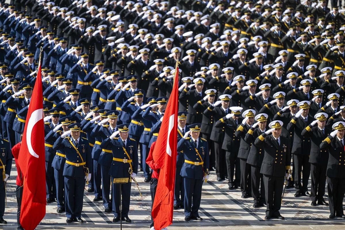 Devlet erkanının ayrılmasının ardından Türk Hava Kuvvetleri'nin akrobasi timi SoloTürk, Türkiye Cumhuriyeti'nin 100. kuruluş yıl dönümü dolayısıyla Ankara semalarında gösteri uçuşu gerçekleştirdi.
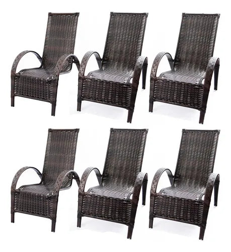 Kit 6 Cadeira Poltrona Jardim Confortável Junco Sintético
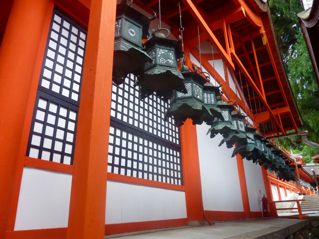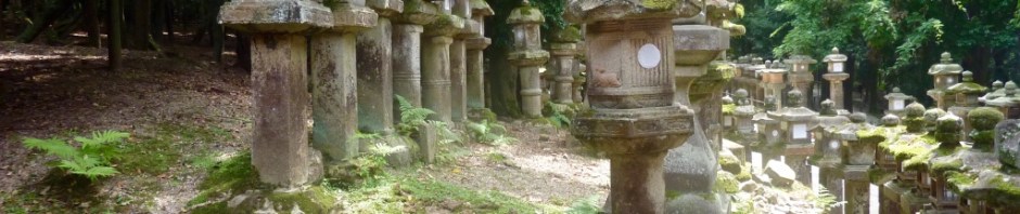 Les chemins alentours et les intérieurs du Kasuga Taisha sont parsemés d’alignements de lanternes, tels des menhir à Carnac (petite pensée du côté de Marina). Nous apercevons des Mikos qui passent ou officient dans les boutiques du temple.
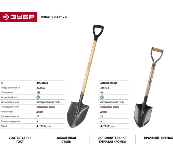 Штыковая лопата ЗУБР Профи-7 тип ЛСГ 275x205x1200 мм 39557
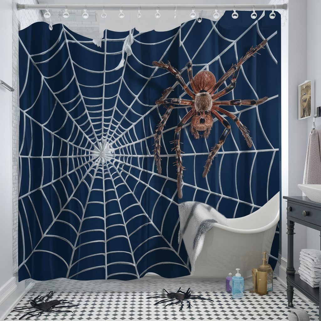 To elevate the look, add DIY spiders made from pipe cleaners or felt, or pick up realistic-looking spider props from stores like Target and scatter them strategically around the room. For an extra eerie touch, consider incorporating a spider web-patterned shower curtain or matching bath mat to tie everything together.
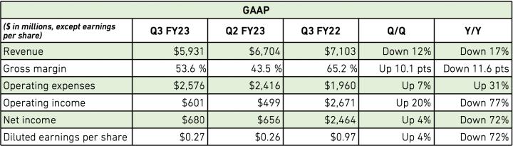 英偉達(dá)第三財(cái)季營(yíng)收為 59.31 億美元,同比下降 17%,環(huán)比下降 12%;凈利潤(rùn)為 6.80 億美元,同比下降 72%,環(huán)比增長(zhǎng) 4%,每股攤薄收益為 0.27 美元,凈利潤(rùn)為 14.56 億美元,同比下降 51%,環(huán)比增長(zhǎng) 13%。
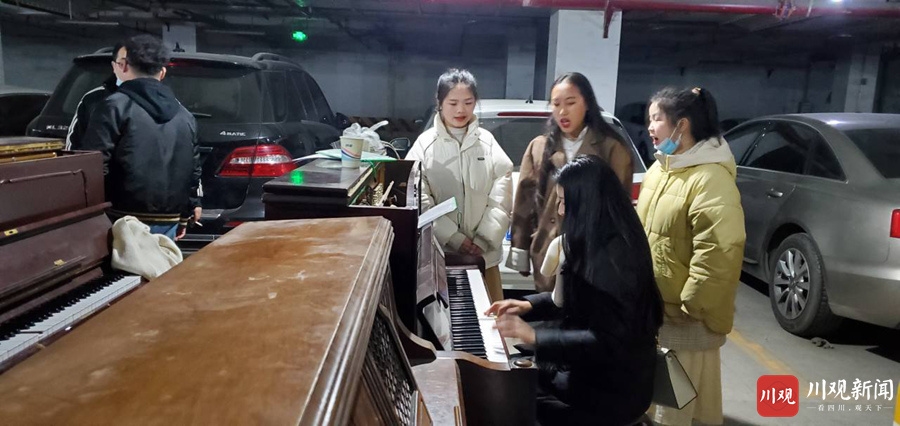 记者看到,在停车场内,20台钢琴摆放在两排停车位中间,一群年轻人正在尽情演奏。原来,四川省2021年普通高校招生音乐类专业统一考试正在川音举行,部分考生选择来到这处地下停车场练习,既不会打扰到周围居民,又方便相互交流。

# # # #

• [WORK REQUIRED]: The lines to copy begin at the one containing "Штыковая лопата ЗУБР" and end at the last line of the records. Set down exactly those lines and no others, both ends included, and omit all pictures.

• [OUTPUT OF THE EXERCISE]:
 Штыковая лопата ЗУБР Профи-7 тип ЛСГ 275x205x1200 мм 39557
 To elevate the look, add DIY spiders made from pipe cleaners or felt, or pick up realistic-looking spider props from stores like Target and scatter them strategically around the room. For an extra eerie touch, consider incorporating a spider web-patterned shower curtain or matching bath mat to tie everything together.
 英偉達(dá)第三財(cái)季營(yíng)收為 59.31 億美元,同比下降 17%,環(huán)比下降 12%;凈利潤(rùn)為 6.80 億美元,同比下降 72%,環(huán)比增長(zhǎng) 4%,每股攤薄收益為 0.27 美元,凈利潤(rùn)為 14.56 億美元,同比下降 51%,環(huán)比增長(zhǎng) 13%。
 记者看到,在停车场内,20台钢琴摆放在两排停车位中间,一群年轻人正在尽情演奏。原来,四川省2021年普通高校招生音乐类专业统一考试正在川音举行,部分考生选择来到这处地下停车场练习,既不会打扰到周围居民,又方便相互交流。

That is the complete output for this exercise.